TASK TO CARRY OUT
In the material below, find the line containing "Marţi, 2 aprilie" and the line containing "企业用电数据分析:按年/月/日统计企业以及行政区域的总用电情况,可导出成报表。". Output those two lines and all lines between them exactly, without pictures.
======== SOURCE DATA
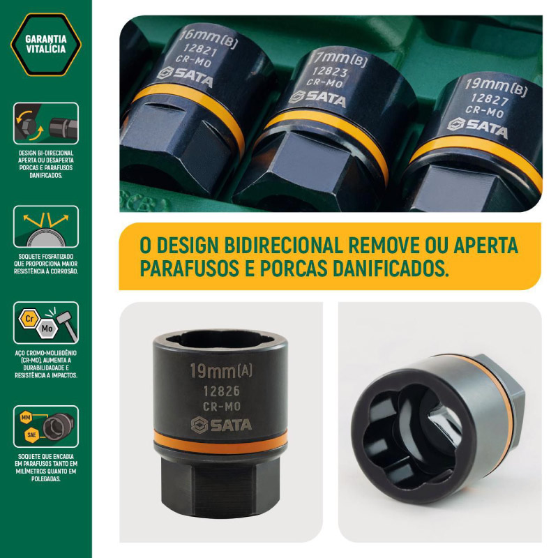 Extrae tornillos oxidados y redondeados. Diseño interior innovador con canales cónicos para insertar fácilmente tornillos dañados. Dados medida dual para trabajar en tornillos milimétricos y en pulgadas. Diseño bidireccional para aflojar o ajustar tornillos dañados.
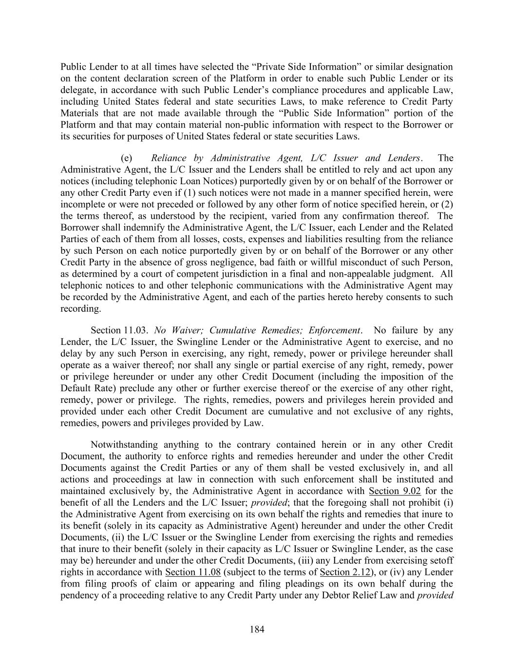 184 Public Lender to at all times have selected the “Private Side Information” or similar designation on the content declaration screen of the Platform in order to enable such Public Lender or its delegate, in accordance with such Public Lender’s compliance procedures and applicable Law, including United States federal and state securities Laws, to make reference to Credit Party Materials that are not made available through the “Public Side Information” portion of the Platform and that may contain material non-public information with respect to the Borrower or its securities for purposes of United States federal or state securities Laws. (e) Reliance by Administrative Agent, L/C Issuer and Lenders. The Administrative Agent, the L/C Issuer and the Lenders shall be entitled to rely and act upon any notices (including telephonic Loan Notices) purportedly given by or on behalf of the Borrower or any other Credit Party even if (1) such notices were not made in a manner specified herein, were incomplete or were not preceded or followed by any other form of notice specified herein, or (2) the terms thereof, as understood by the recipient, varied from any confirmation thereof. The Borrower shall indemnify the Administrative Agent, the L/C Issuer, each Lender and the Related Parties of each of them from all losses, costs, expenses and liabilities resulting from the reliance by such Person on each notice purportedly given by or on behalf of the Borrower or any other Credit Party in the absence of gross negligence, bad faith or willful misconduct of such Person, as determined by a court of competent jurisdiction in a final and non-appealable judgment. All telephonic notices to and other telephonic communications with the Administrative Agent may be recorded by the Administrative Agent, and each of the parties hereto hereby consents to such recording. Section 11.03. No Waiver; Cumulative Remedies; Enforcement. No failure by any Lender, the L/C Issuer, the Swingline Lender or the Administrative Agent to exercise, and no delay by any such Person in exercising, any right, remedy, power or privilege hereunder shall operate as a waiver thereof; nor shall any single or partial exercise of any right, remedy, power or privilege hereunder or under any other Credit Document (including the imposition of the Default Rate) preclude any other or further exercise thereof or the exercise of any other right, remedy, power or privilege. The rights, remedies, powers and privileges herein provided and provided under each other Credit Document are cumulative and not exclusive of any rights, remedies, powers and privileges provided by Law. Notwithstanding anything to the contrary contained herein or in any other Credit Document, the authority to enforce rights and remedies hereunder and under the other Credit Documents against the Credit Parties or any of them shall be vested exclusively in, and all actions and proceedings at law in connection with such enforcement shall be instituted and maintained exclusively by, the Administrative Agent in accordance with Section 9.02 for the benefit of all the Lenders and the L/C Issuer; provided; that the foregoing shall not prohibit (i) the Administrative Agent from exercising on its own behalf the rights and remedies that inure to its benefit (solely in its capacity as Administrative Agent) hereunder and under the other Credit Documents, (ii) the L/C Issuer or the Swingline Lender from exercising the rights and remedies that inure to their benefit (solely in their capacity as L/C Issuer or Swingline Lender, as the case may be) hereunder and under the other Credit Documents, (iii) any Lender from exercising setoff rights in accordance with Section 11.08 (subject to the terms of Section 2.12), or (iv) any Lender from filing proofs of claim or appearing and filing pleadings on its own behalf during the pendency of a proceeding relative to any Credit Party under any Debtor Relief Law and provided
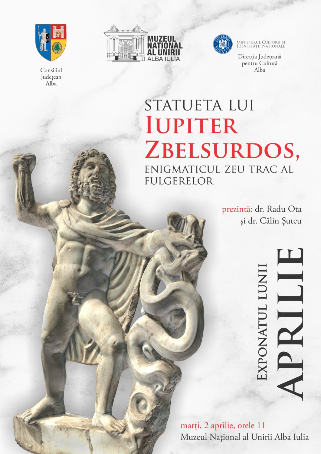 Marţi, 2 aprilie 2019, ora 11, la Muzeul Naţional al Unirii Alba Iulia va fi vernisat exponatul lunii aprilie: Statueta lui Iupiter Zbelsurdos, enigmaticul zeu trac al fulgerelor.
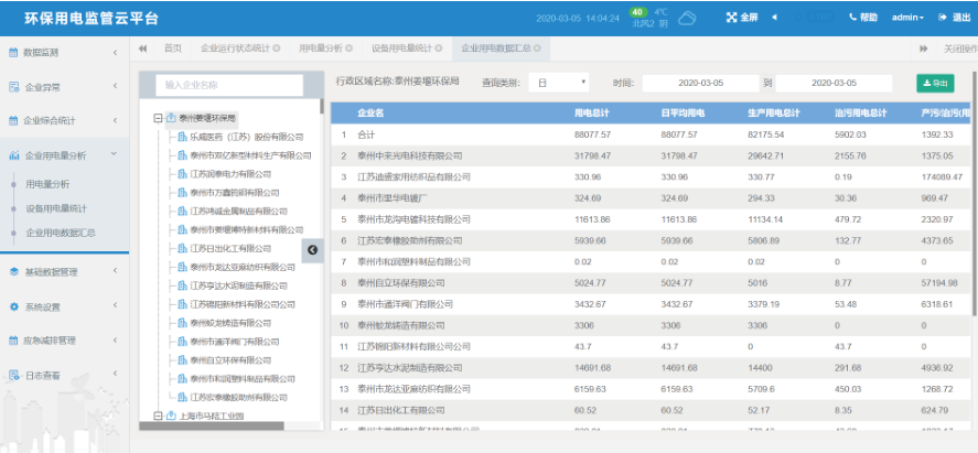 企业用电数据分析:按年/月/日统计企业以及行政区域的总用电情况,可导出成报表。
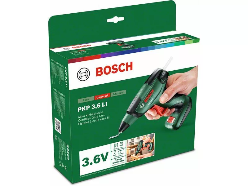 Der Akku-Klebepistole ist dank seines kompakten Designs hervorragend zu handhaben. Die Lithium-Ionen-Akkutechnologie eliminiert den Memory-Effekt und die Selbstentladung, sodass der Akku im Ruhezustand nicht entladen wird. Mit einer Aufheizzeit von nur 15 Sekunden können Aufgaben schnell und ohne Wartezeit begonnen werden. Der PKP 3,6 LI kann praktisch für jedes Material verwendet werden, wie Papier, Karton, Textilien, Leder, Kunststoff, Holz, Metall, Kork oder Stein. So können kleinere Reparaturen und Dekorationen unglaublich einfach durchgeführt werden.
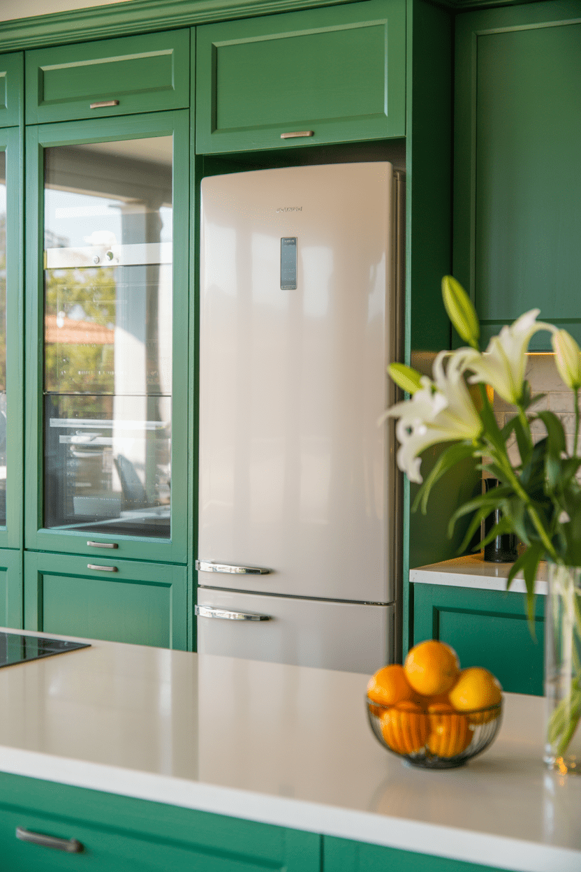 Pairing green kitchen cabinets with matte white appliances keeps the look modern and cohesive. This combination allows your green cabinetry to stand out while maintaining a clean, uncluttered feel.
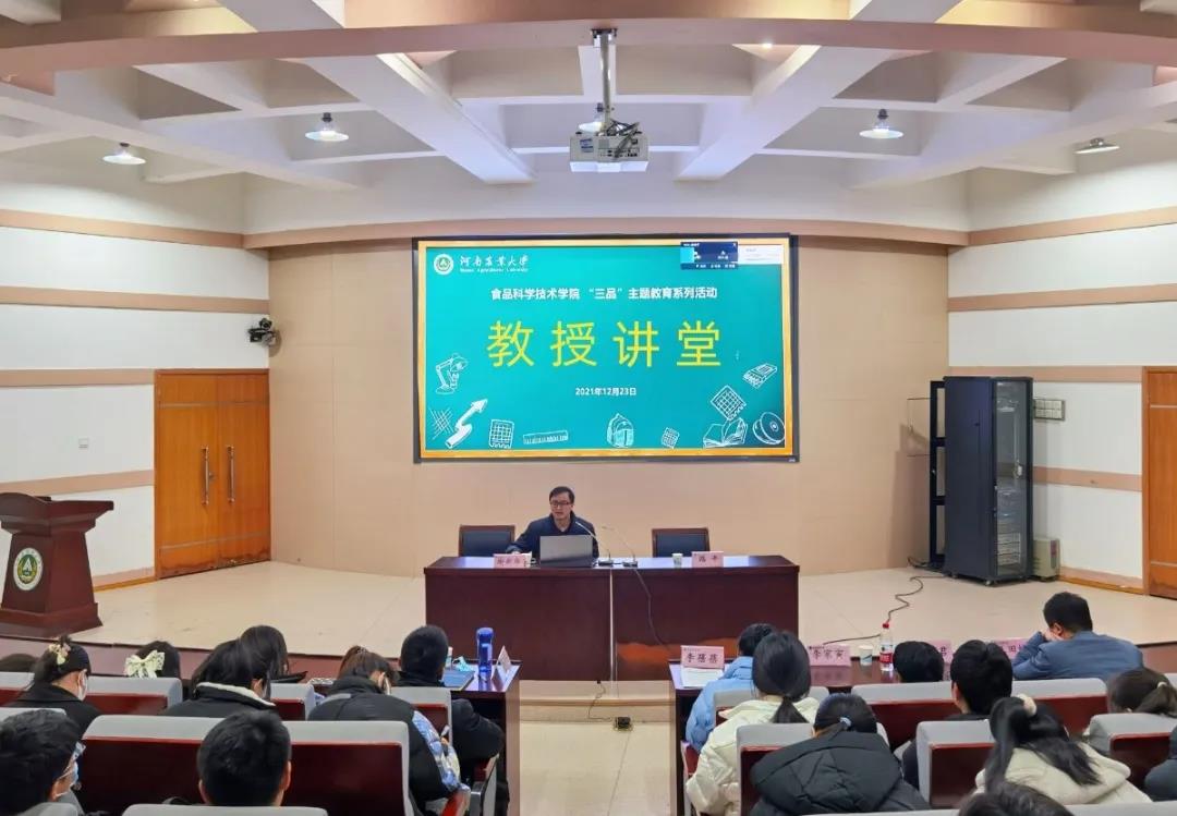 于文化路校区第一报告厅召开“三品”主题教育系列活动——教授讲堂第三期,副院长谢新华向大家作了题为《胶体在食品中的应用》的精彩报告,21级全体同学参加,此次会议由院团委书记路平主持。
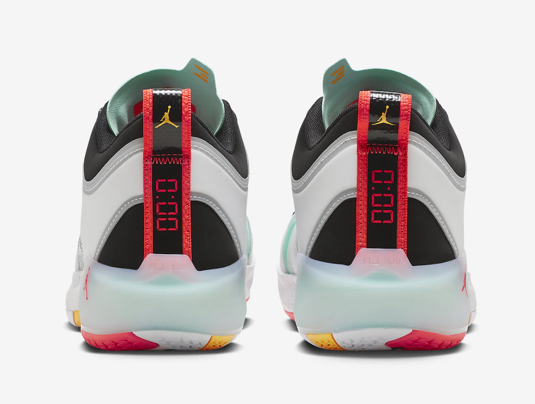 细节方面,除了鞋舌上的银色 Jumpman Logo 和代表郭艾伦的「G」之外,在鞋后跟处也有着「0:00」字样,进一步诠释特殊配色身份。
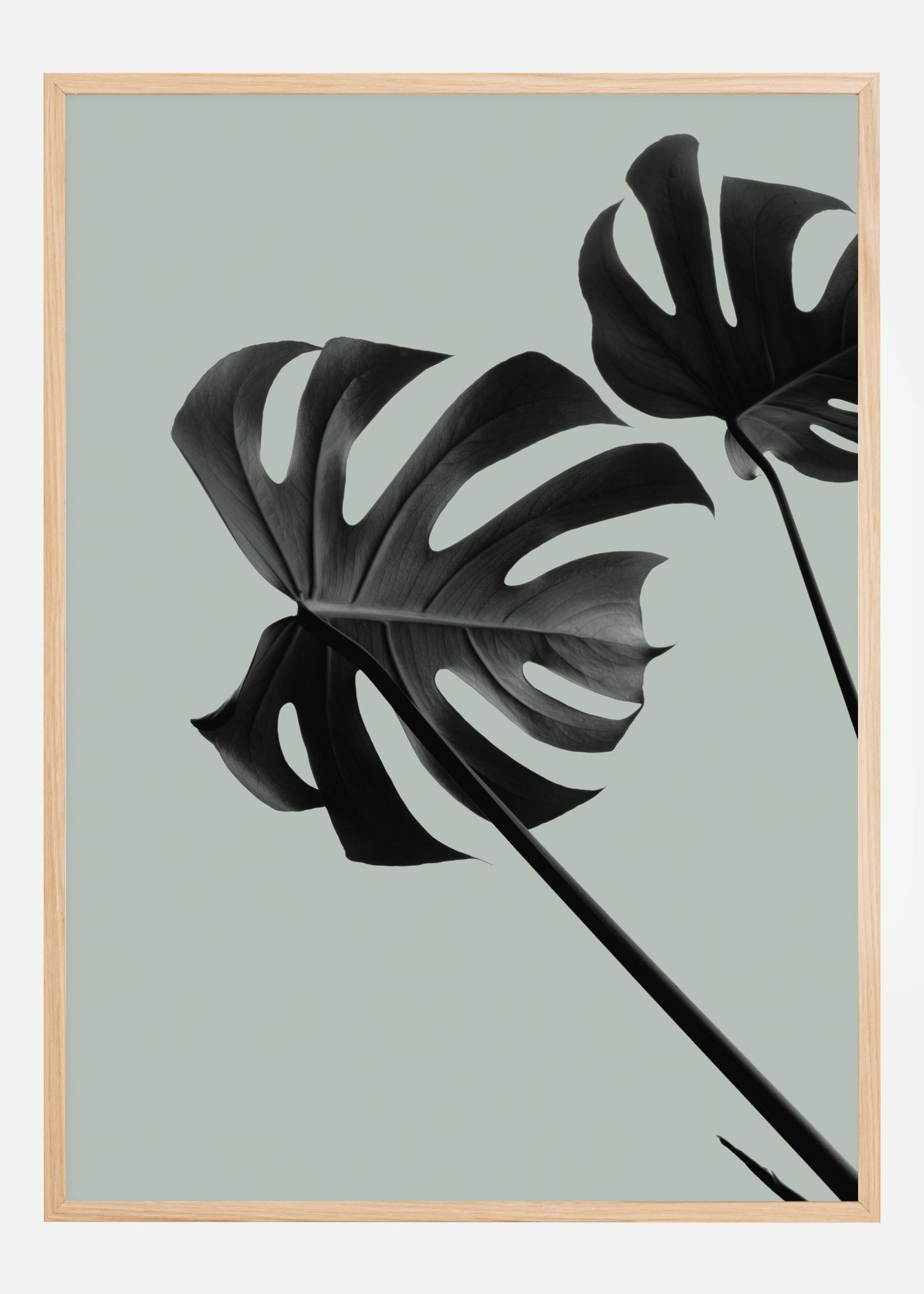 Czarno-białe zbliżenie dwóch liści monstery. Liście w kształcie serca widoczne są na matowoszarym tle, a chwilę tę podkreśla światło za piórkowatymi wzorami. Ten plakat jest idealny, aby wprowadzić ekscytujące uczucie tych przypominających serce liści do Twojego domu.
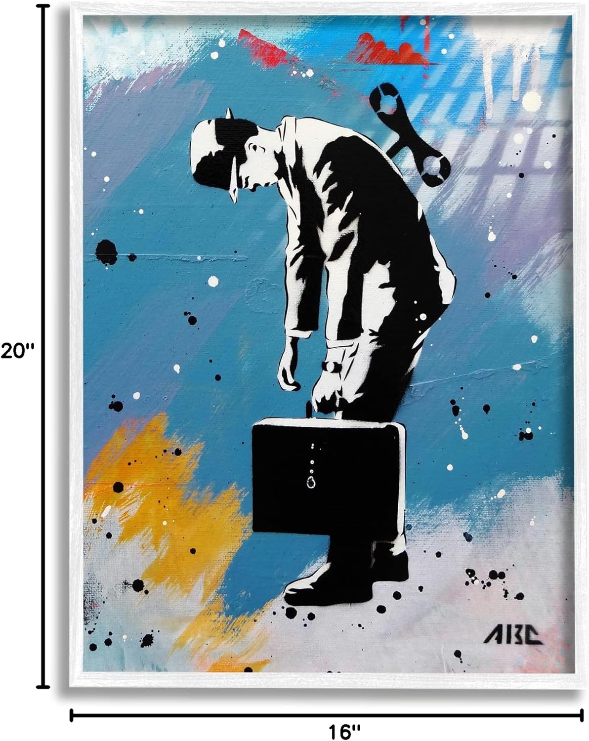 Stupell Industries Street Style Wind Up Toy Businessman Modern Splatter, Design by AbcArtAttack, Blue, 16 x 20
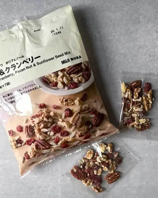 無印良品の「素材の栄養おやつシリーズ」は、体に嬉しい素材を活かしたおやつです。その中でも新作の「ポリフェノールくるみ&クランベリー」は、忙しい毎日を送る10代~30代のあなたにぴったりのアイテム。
================
FINISHED EXERCISE
 Marţi, 2 aprilie 2019, ora 11, la Muzeul Naţional al Unirii Alba Iulia va fi vernisat exponatul lunii aprilie: Statueta lui Iupiter Zbelsurdos, enigmaticul zeu trac al fulgerelor.
 企业用电数据分析:按年/月/日统计企业以及行政区域的总用电情况,可导出成报表。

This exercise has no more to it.